A Fallacious Argument on Open Cover of Rationals in $[0,1]$ Let $A=\mathbb{Q}\cap [0,1]$, the set of rational numbers in the interval $[0,1]$, and suppose that $\left(c_{k}\right)_{k=1}^{\infty}$ denotes an ordered enumeration of the elements of $A$. Then, given $\epsilon>0$, consider an open interval cover $\left(I_{k}\right)_{k=1}^{\infty}$ of $A$ defined by $I_{k} = \left(c_{k}-\frac{\epsilon}{2^{k}},c_{k}+\frac{\epsilon}{2^{k}}\right)$ for all $k$. * * * Question: Is it correct to argue that at most countably many irrationals could have been left out from being covered by the union $\bigcup\limits_{k=1}^{\infty} I_{k}$? If so, can someone please provide a proof of it? Thanks in advance.

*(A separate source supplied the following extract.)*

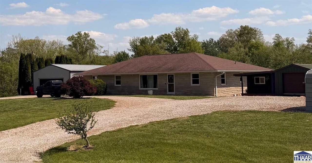 Country Living at Its Finest with this beautiful 4 Bed, 2 Bath home on ±10 Acres! Escape to the peace and privacy of the countryside with this beautifully maintained 4-bedroom, 2-bath brick home offering 2,088 sq ft of comfortable living space, all situated on approximately 10 scenic acres along a paved road for easy access. Step inside and youâ??ll immediately appreciate the generous room sizes and quality craftsmanship throughout, including Amish-built cabinetry and trim and solid interior doors that add warmth and character. The home also features stainless steel appliances and thoughtful upgrades that make everyday living both functional and stylish. Outside, the property truly shines. Enjoy a spacious, well-maintained lawn, partially fenced backyard, and a peaceful setting surrounded by mature trees and a quiet creek, perfect for relaxing or exploring. Outdoor enthusiasts will love the 4-wheeler trails and abundant wildlife, making this property ideal for hunting or recreation. This property includes plenty of extra space for hobbies, storage, and entertaining, boasting a detached 24x36 (2-car) garage, fully climate-controlled and featuring a finished 12x24 â??man caveâ??, an additional detached garage measuring 20x30 with insulated and heated workshop/storage space, carport for additional covered parking, and playhouse with attached utility shed, perfect for kids or extra storage Whether you're looking for a private retreat, a hobby farm, or a place to spread out and enjoy nature, this property offers the perfect blend of comfort, function, and outdoor lifestyle. Donâ??t miss your chance to own this slice of country paradise!
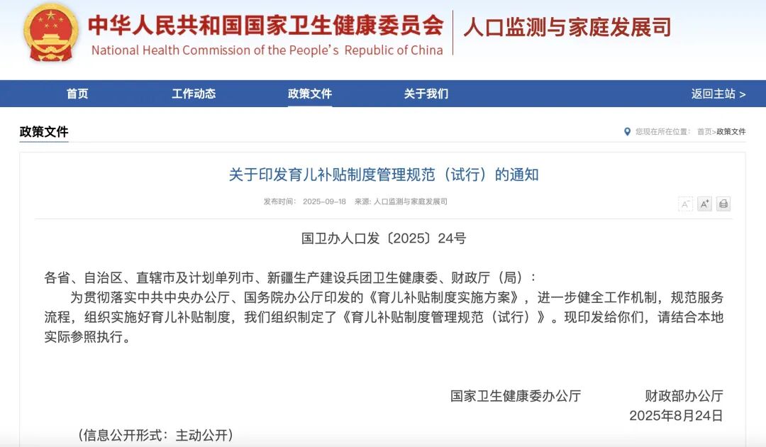 党的二十届三中全会部署建立生育补贴制度。2025年《政府工作报告》明确提出发放育儿补贴。2025年,中共中央办公厅、国务院办公厅印发《育儿补贴制度实施方案》,规定育儿补贴制度有关管理规范由国家卫生健康委、财政部另行制定。为保障育儿补贴制度顺利实施,进一步健全工作机制,规范服务流程,国家卫生健康委会同财政部研究制定了《管理规范》。

There could be uncountably many irrationals not in $\bigcup_{k-1}^{\infty} I_k$ (depending on $\varepsilon$ of course). To see this, let $ \lambda$ denotes the Lebesgue measure on $[0,1]$. Then $\lambda I_k = \frac{\varepsilon}{2^{k-1}}$. Then it would follow that $ \lambda(\bigcup_{k\in\mathbb{N}} I_k) \leq \sum_{k \in \mathbb{N}} \lambda(I_k) = \varepsilon \sum_{k \in \mathbb{N}} \frac{1}{2^{k-1}} = 2\varepsilon$. Since $\varepsilon$ is arbitrary, this is a contradiction.